Standard Deviation (Std): Measures the disagreement. High Std = High Uncertainty.

# Make Predictions

# Single Model
y_pred_single = single_model.predict(x_test)

# Ensemble: Collect predictions from all members
preds_stack = np.column_stack([m.predict(x_test) for m in ensemble_members])

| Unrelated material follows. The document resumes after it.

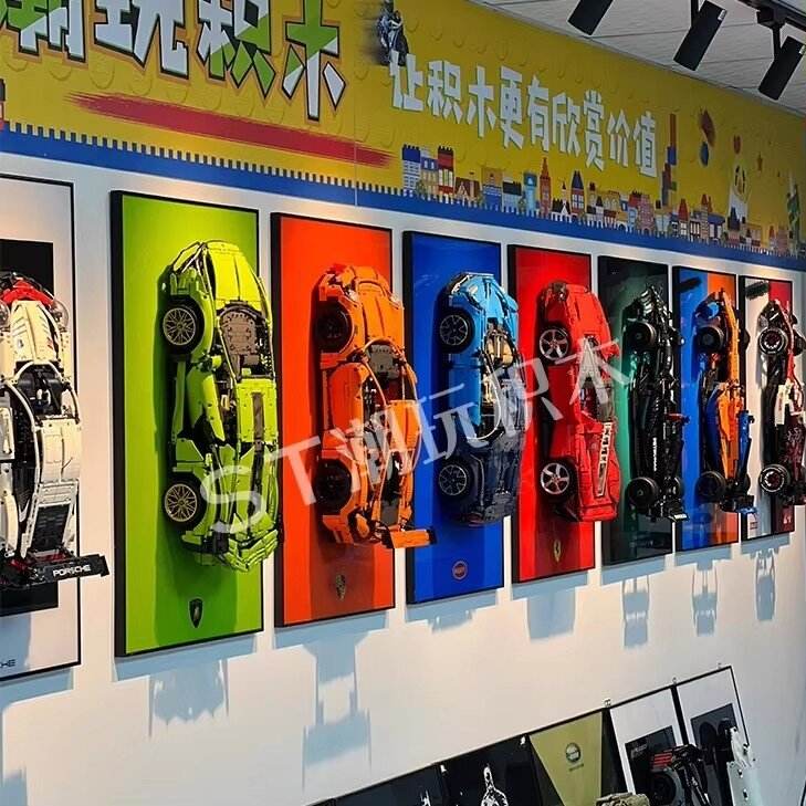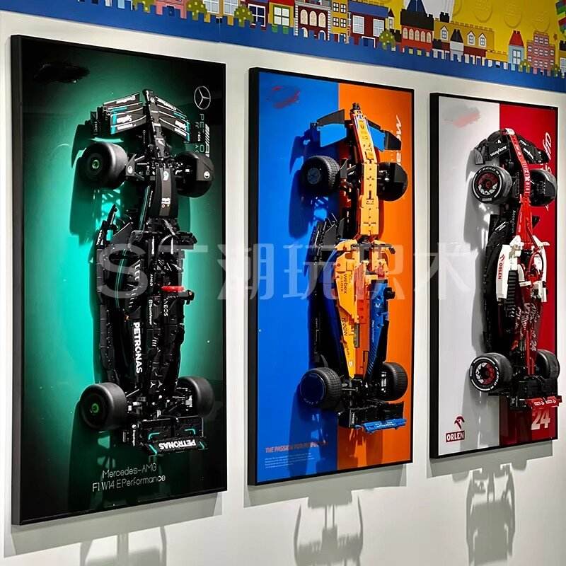 Airplane Batmobile Racing Building Block 3D Car Model Farmhouse Style Black Digital Printing Aluminum PC Material Photo Frame
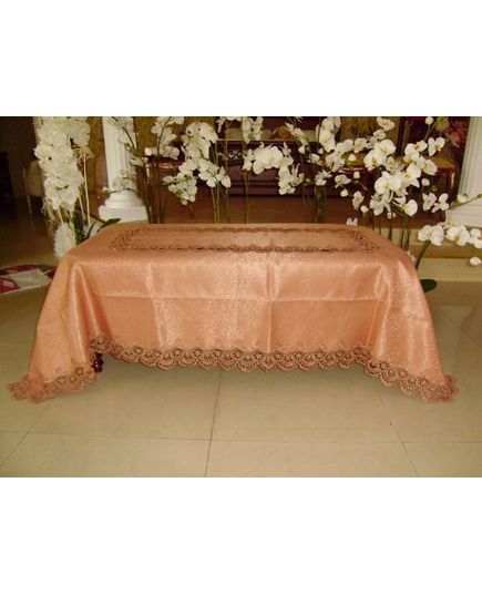 Скатерть 150х220 см украшена по середине и по краям кружевом с волнистыми краями, терракотового цвета, полиэстер 100% на прямоугольный стол

# Calculate Mean and Uncertainty (Std Dev)
y_mean = np.mean(preds_stack, axis=1)
y_std = np.std(preds_stack, axis=1)

# Define Confidence Interval (e.g., +/- 2 Std Dev)
lower = y_mean - 2 * y_std
upper = y_mean + 2 * y_std

# Visualization
fig, axes = plt.subplots(1, 2, figsize=(16, 6), sharey=True)

# Plot Single Model
axes[0].scatter(x_train, y_train, color="black", s=10, label="Data")
axes[0].plot(x_test, y_pred_single, color="red", linewidth=2, label="Single Model")
axes[0].set_title("Standard Model (Overconfident)")
axes[0].axvspan(-1, 1, color="gray", alpha=0.1, label="No Data Gap")
axes[0].legend()

# Plot Ensemble
axes[1].scatter(x_train, y_train, color="black", s=10, label="Data")
axes[1].plot(x_test, y_mean, color="blue", linewidth=2, label="Ensemble Mean")
# Shaded area represents uncertainty
axes[1].fill_between(x_test.ravel(), lower, upper, color="blue", alpha=0.3, label="Uncertainty (±2 std)")
axes[1].set_title(f"Ensemble (N={num_members}) - Uncertainty Aware")
axes[1].axvspan(-1, 1, color="gray", alpha=0.1, label="No Data Gap")
axes[1].legend()

plt.show()

../../_images/7b16a3abd91bb6804abd49a2e4cfe0c22da27a2accb0e07a33ab9a0c46b7fe60.png

Conclusion¶

As seen in the plots above:

The Standard Model interpolates across the gap (gray zone) with a single, confident line. It gives no indication that it is “guessing” in that region.
The Ensemble shows a wide shaded area in the gap. The individual members disagree on the function shape where no data exists.

Result: The ensemble implementation successfully makes the model uncertainty-aware. It provides a measure of confidence that allows us to trust predictions in the data-dense regions while flagging predictions in the dataless regions as uncertain.